Here, we provide a systematic molecular dynamics (MD) study of the pulse duration and temperature dependence of spall strength in Al and Mg with a nonequilibrium concentration of vacancies. A superconcentration of single vacancies are randomly introduced into an otherwise perfect lattice, and the systems are allowed to evolve for up to 500 nanoseconds as a proxy for the pulse duration of a shock compression wave. Since these systems are nonequilibrium in nature, a time-dependent and temperature-dependent evolution of the microstructure ensues, which leads to a time- and temperature-dependent softening of the spall strength. Here, we report a large parametric study consisting of 196 MD calculations to quantify this softening in Al and Mg.
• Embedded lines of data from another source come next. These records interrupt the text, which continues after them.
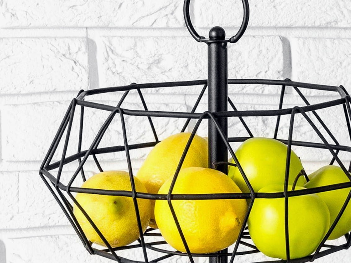 229005 Koszyk metalowy na owoce 2-poziomowy - czarny
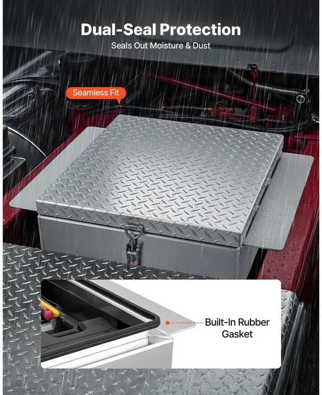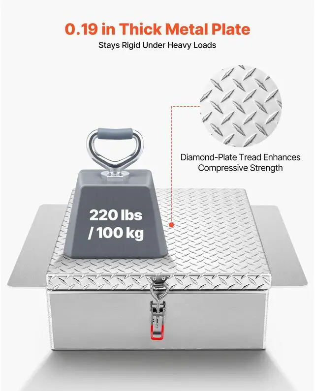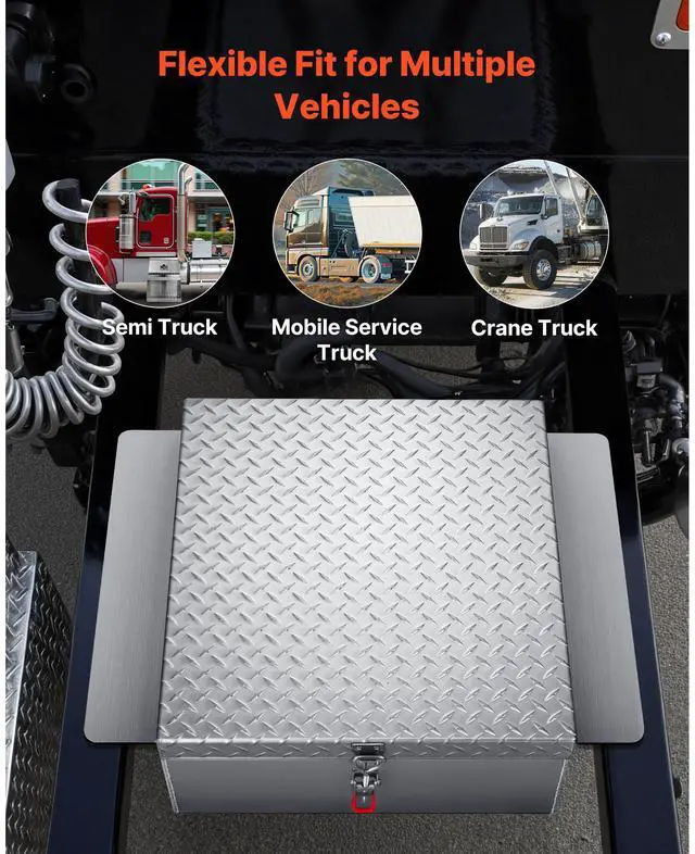 VEVOR Truck Bed Tool Box, Heavy Duty Aluminum Tool Box with Diamond Plate, Storage Toolbox Chest Organizer Supports up to 220 lbs, Ideal for Pickup, Truck Bed, RV, Trailer, 30.3 x 24 x 9 in, Silver
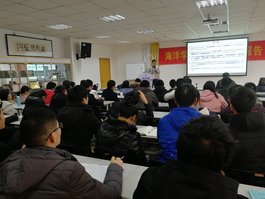 2019年1月15日下午,黄瓜视频 首届海洋科学博士后出站报告会在电气馆507室举行,胡子峰博士顺利出站。报告会邀请到自然资源部第二海洋研究所潘德炉院士担任答辩委员会主席,中国海洋大学刘秦玉教授、黄瓜视频 院长齐义泉教授、副院长白学志教授、程旭华教授、徐青教授担任答辩委员会专家。报告会由齐义泉教授主持。
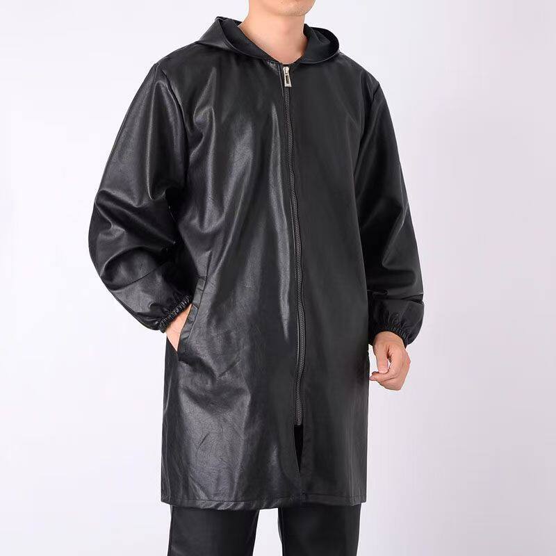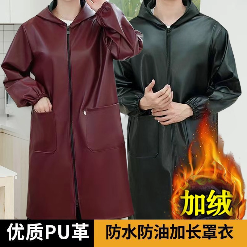 皮革加绒PU防水厚罩衣男女工作服厨房围裙长袖冬防油正穿加长防风
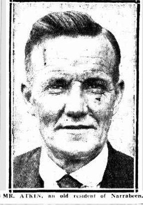 Picture at right from: Mr Atkin – an old resident of Narrabeen No title. (1925, February 1). Sunday Times (Sydney, NSW : 1895 - 1930), p. 7 Section: Social and Magazine Section. Retrieved from http://nla.gov.au/nla.news-article128164071
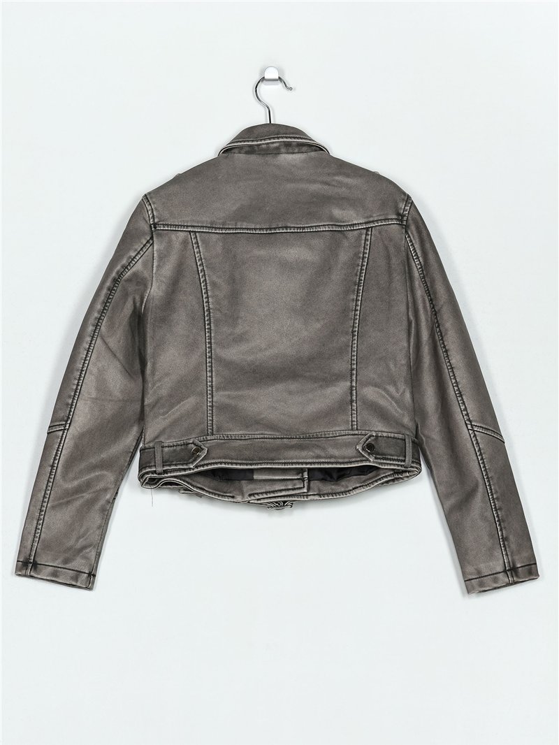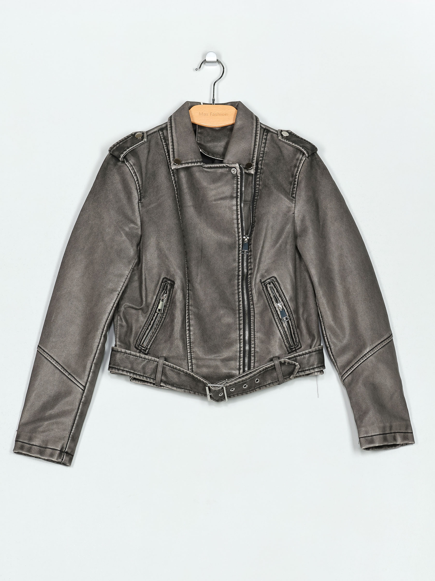 Belted faux leather jacket with a lapel collar. Featuring side zip pockets and a metal zip-up front.
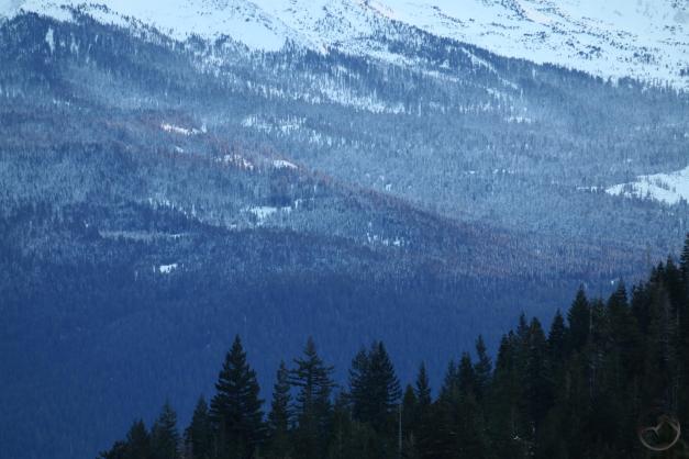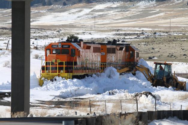 On Friday the system finally passed and the sky cleared for a few hours. It was a good chance to get out and see how the storm had impacted the land at the foot of the mountain. Conditions were beautiful but things were a mess. Snow clearing activity continued at a brisk clip all over town. Big rigs that went off the freeway were being removed. There was even a train that got stuck in the snow that had to be rescued. All in the normal course of events for a storm like this, I guess.
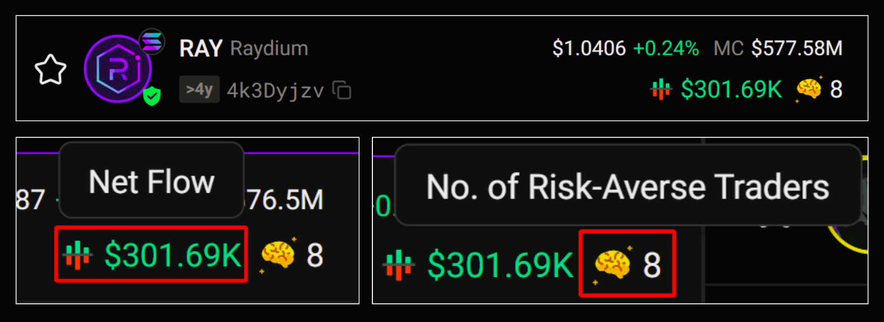 Instead of just looking at price, this section helps you quickly assess the level of smart money interest in each token.
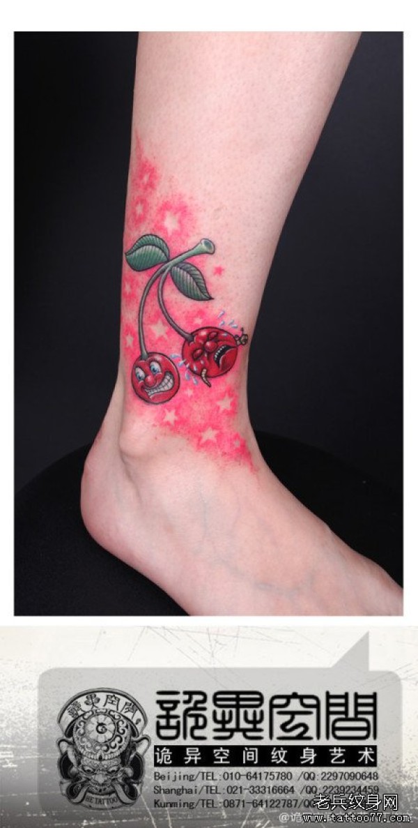 女生腿部一款哭笑的樱桃纹身图案_女生纹身图案大全_纹身图吧
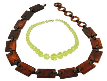 A STRAND OF ORIGINAL URANIUM BEADS AND BROWN BAKELITE BELT
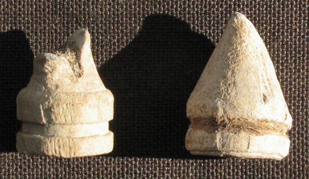 Linke Spitzkugel 17gr 14mm im Durschm. ca. 18mm lang mit dicht aneinander liegenden Riefen an 2 Stellen, an der Spitze mit Gesteinseinschluß vom Aufschlag. Rechte Spitzkugel 22gr. 15mm im Durchm. 22mm lang mit aufgeworfenen ca. 2mm breiten Riefen im Abstand von ca. 4mm, hier ist in der Nut noch Dichtschnur erkennbar.

We invoke the notion of time–temperature superposition from the field of viscoelasticity, and show that the results of our 196 MD calculations remarkably collapse onto a single master curve when normalized by an appropriate relaxation timescale. Lastly, a favorable agreement between the MD calculations and experimental measurements of thermal softening of spall strength is reported.

在这里，我们提供了一个空洞浓度不均衡的铝和镁中剥落强度的脉冲持续时间和温度依赖性的系统分子动力学（MD）研究。单个空位的超浓度被随机引入一个本来是完美的晶格中，并且允许该系统演化长达500纳秒，以替代冲击压缩波的脉冲持续时间。由于这些系统本质上是非平衡的，因此会发生随时间和温度变化的微观结构演变，这导致剥落强度随时间和温度变化的软化。在这里，我们报告了一项由196个MD计算组成的大型参数研究，以量化Al和Mg中的这种软化。我们从粘弹性领域调用时间-温度叠加的概念，并表明，通过适当的弛豫时间尺度进行归一化后，我们196次MD计算的结果显着倒塌到一条主曲线上。最后，据报道在MD计算和剥落强度的热软化的实验测量之间达成有利的一致性。